10. Sections 25(3) and 25(4) of the Drugs and Cosmetics Act
1940 give the accused a right to test the drugs again. The Drugs
inspector was well aware, the shelf life of the sample drug was to
expire in September 2016, and he filed the complaint in the same
month. After filing the complaint, the applicants appeared in Court
as per the process in March 2017. There is no explanation for why
the complaint was filed in the same month, the shelf life of the
drug was to expire. There is absolutely no reason why the
complaint was not filed earlier, and the fourth sample was sent for
testing well within time. These facts suggest that the right of the
applicants to seek the test of the fourth sample has been taken
away.
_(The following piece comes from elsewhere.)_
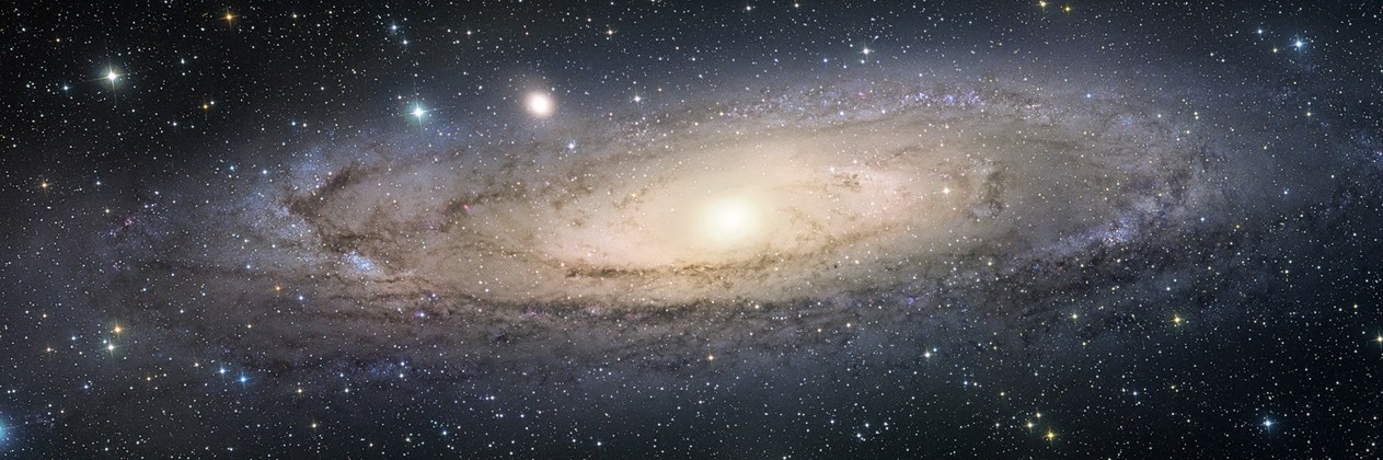 Es el objeto visible a simple vista más alejado de la Tierra. Está a 2,5 millones de años luz en dirección a la constelación de Andrómeda. Es la más grande y brillante de las galaxias del Grupo Local, que consiste en aproximadamente 30 pequeñas galaxias más tres grandes galaxias espirales: Andrómeda, la Vía Láctea y la Galaxia del Triángulo.

In view of the facts of the case, the case laws relied upon by
the applicants are squarely applicable.
11. Every person involved in the drug business has a right to
challenge the Government Analyst report seeking the remedy
7 RA-292-19.odt
available under the Law by sending the fourth sample through the
Court for testing. However, here is the case that the sample was
not tested within sixty days of its receipt' therefore, the possibility
of an incorrect result like "not of standard quality" cannot be ruled
out.
12. Appreciating the facts of the case as discussed above and
examining the reasons recorded by the learned Additional Sessions
Judge-3, Parbhani, this Court is of the view that the learned
Additional Sessions Judge-3, Parbhani did not consider the relevant
provisions of Law and came to the erroneous conclusion. In the
facts and the circumstances, even if the documents before the
Court are considered as it is, the prosecution would not be able to
prove the crime against the accused. The offences under the
Drugs and Cosmetics Act are technical. Hence, time has a
significant importance. The process was supposed to be done in a
prescribed or scheduled time. The rules and provisions of the Act
have not been followed strictly. Therefore, the statutory rights of
the accused given under the said Act have been prima facie
affected. In view of that matter, the Court is of the view that the
applicants deserve the discharge. For these reasons, the Court
believes that the impugned order warrants interference. Hence,
the following order:-
ORDER
i) The criminal revision application is allowed.
8 RA-292-19.odt
ii) The order below Exhibit-27 and 28 in Special (Drug) Case
No.2 of 2018 of the learned Additional Sessions Judge-3,
Parbhani, dated 29 August 2019, is quashed and set
aside.
iii) Applications below Exhibits-27 and 28 are allowed, and
the accused stand discharged in the present crime.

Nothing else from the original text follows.